By Heather Douglas
“I try to buy stock in businesses that are so wonderful that an idiot can run them. Because sooner or later, one will.” Warren Buffet, (1930 –), quoted in Business Insider (August 31, 2014); American business magnate, investor, and philanthropist.
Investors want to buy shares, at a reasonable price, in an easily-understandable company whose earnings are almost certain to be higher five and even 20 years from now. Anyone not willing to hold an interest in a company for a decade, should not think about keeping it for 10 minutes, says Buffet, arguably one of the world’s most successful investors.
“To invest successfully, you need not understand beta, efficient markets, modern portfolio theory, option pricing or emerging markets,” Buffet penned in his Chairman’s Letter, 1996. “You may, in fact, be better off knowing nothing of these. That, of course, is not the prevailing view at most business schools, whose finance curriculum tends to be dominated by such subjects. In our view, though, investment students need only two well-taught courses – how to value a business, and how to think about market prices.”
The quarterly earnings press releases are often overwhelming to investors, especially on days when a multitude of companies decide to issue their latest missives.
Worse, poorly written releases are used to manipulate investors by encasing bad results in murky language, says a study published in The Accounting Review. “The greatest danger to investors may not be the low readability per se, but that managers use it opportunistically to obfuscate unfavourable benchmarks, while embracing clarity for favourable ones that are less important,” says co-author Elaine Ying Wang of the University of Massachusetts Amherst.

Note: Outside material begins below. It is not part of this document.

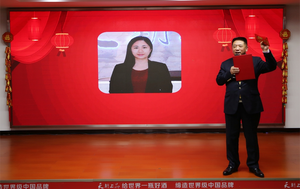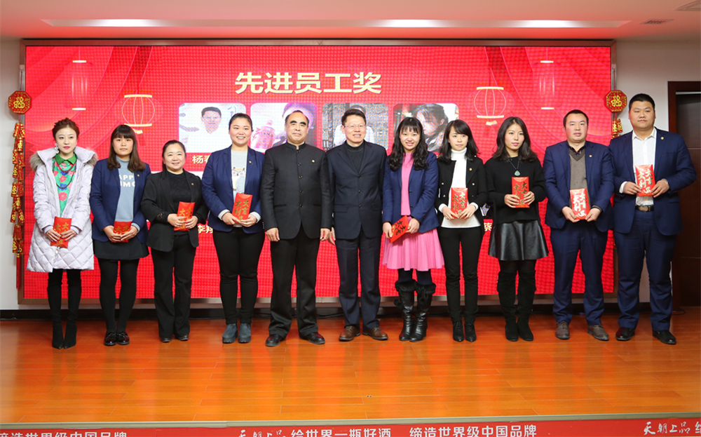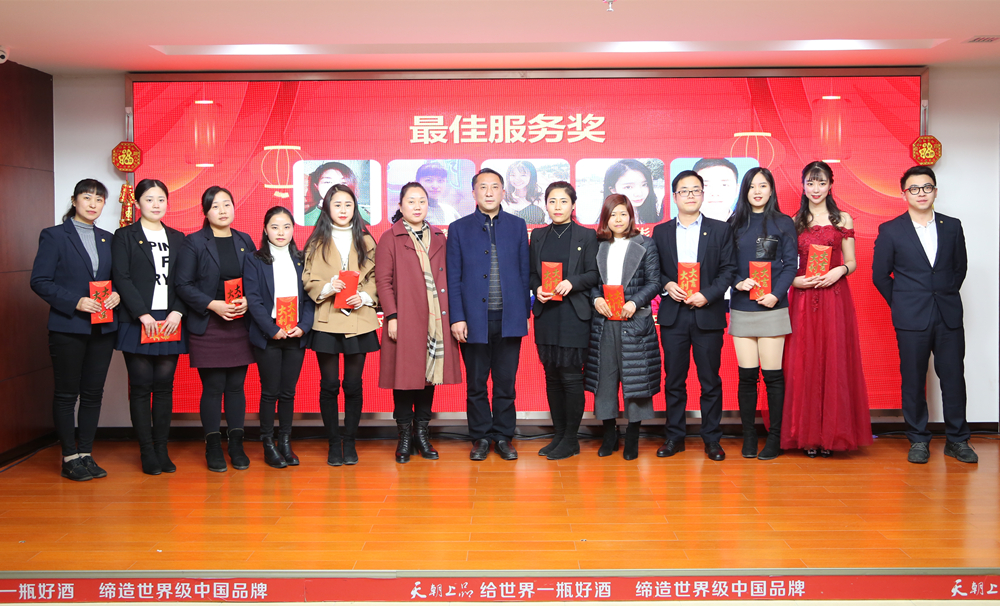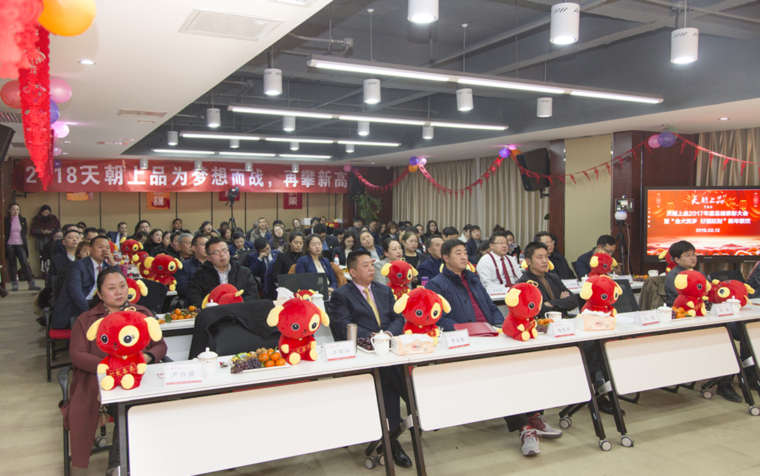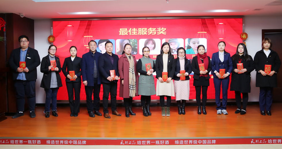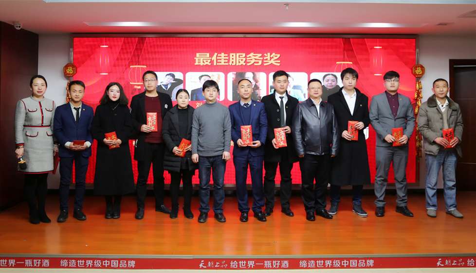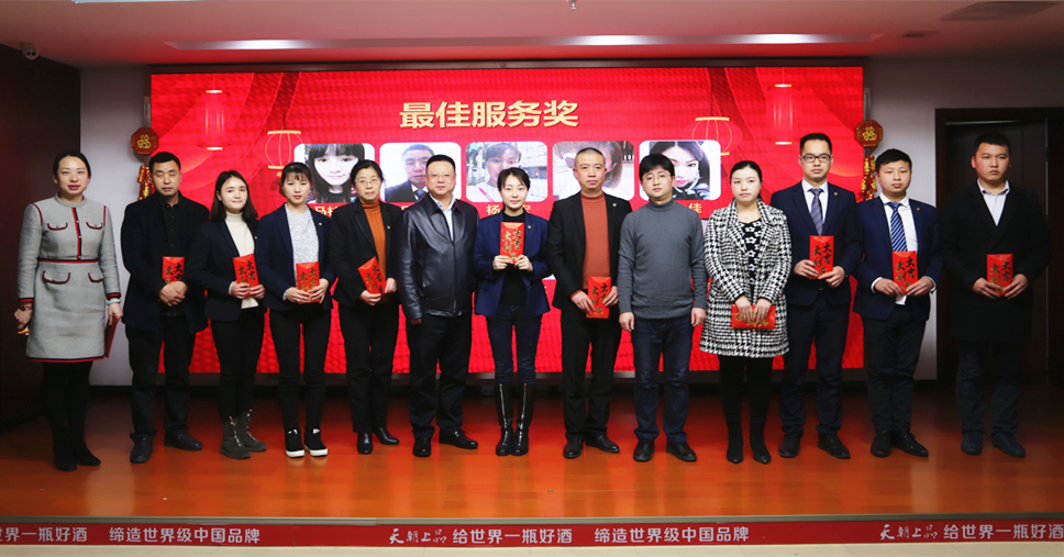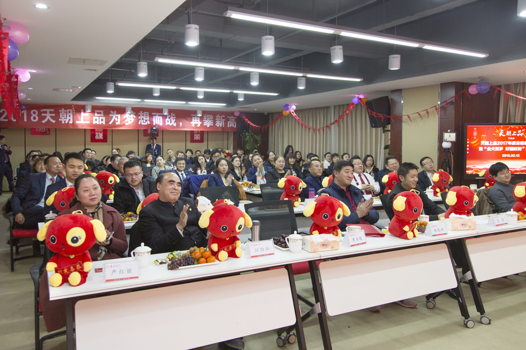 王俊書(shū)記發(fā)表了鼓舞人心、催人奮進(jìn)的講話。他對(duì)天朝上品2017年取得的喜人成果給予了充分肯定和高度贊揚(yáng)。2017年,天朝上品戰(zhàn)略單品“貴人酒”創(chuàng)造了驕人的銷售業(yè)績(jī),為實(shí)現(xiàn)“十三五”宏偉目標(biāo)贏得了開(kāi)局滿堂紅。此外,天朝上品峰會(huì)的成功召開(kāi),海陸空天品牌戰(zhàn)略的全方位啟動(dòng),為國(guó)際化發(fā)展進(jìn)程按下了“快進(jìn)鍵”。今天的總結(jié)表彰會(huì)既是分享喜悅的慶功會(huì),也是催人奮進(jìn)的動(dòng)員會(huì)。希望受到表彰的員工不驕不躁、再接再厲,趁熱打鐵,乘勝追擊,在沖刺“百億天朝”的過(guò)程中發(fā)揮積極性、主動(dòng)性和創(chuàng)造性,打造一支見(jiàn)第一就搶、見(jiàn)紅旗就扛的優(yōu)秀團(tuán)隊(duì),共同譜寫“百億天朝”壯麗篇章。

Journalists also detest the obfuscation. “Reporters, like many investors, hate the jargon, vacuous quotes from the CEO and CFO, numbers that don’t add up, figures that are missing, tables that are confusing, and boiler-plate legalese that’s endless,” says the team at MarketWatch. “For the uninitiated, earnings releases are a headache.” MarketWatch should know. It’s published by Dow Jones & Co., and tracks the pulse of markets for engaged investors, with more than 16 million visitors every month.
Do companies manipulate the timing of their quarterly reports for strategic reasons? And are there times when stock traders, analysts, and the media are less attentive?
They, like us, are tired of the shenanigans that some public companies pull — demanded by less-than-honest executive teams — to deceive the investment community, when they announce their quarterly and yearly earnings. These are the dozen tricks we consider most egregious:
• Releasing bad news late Friday, on a long-weekend, in the hopes that by Tuesday, when the markets open, investors won’t engage in a massive sell-off of shares;
• Dodge the “full and fair disclosure” rules, by burying bad news in the final paragraphs or using words or phrases to mask what is actually happening – red flag words such as challenged, pressured, slipping, gross margins are declining, pricing pressures, to name a few;
• Highlight what management wants to focus on and force the reader to play detective and dig into the details to discover what’s really happening;
• Increase stock buybacks is a legitimate tactic (this is not a blanket condemnation) but some boards do this as they announce bad news to make their stock appear more attractive than it is;
• Report good news to counterbalance the bad – the company announces the hiring of a new CFO to mask its poor hedging strategy;
• Hide the numbers forcing investors and reporters to click through multiple links to find the data needed to assess the company’s value;
• Flip the table highlighting the older numbers and hiding the newest numbers (usually bad);
• Publish too many numbers – readers get lost in the GAAP and non-GAAP earnings, nonrecurring items, and few understand what this phrase means — “income from continuing operations attributable to noncontrolling interest;”
• Write an idiotic executive quote about what a fabulous quarter the company enjoyed because it is led by such an amazing, magnificent, and extraordinary group of executives;
• Ask readers to add the numbers themselves using such phrases as “impact per diluted common share (EPS) as an item affecting comparability that had to be added to the diluted EPS and then adjusted to match the consensus.” Seriously?
• Issue a long (more than two-minutes) video to deliver good news (naturally full of management mumbo jumbo); and
• Warn the company won’t meet market expectations, beating those forecasts, and repeating this behaviour again and again – no one believes anything you say now.
Yet we’re not always curmudgeons. Occasionally we receive a press release that brings us joy. Why? It’s thrillingly concise, tells an interesting story about the company’s activities, gives well-defined and thorough numbers, and management quotes are in clear, comprehensive English. We smile delighted. It’s obvious why the stock market invests in them.
There are no idiots running those organizations.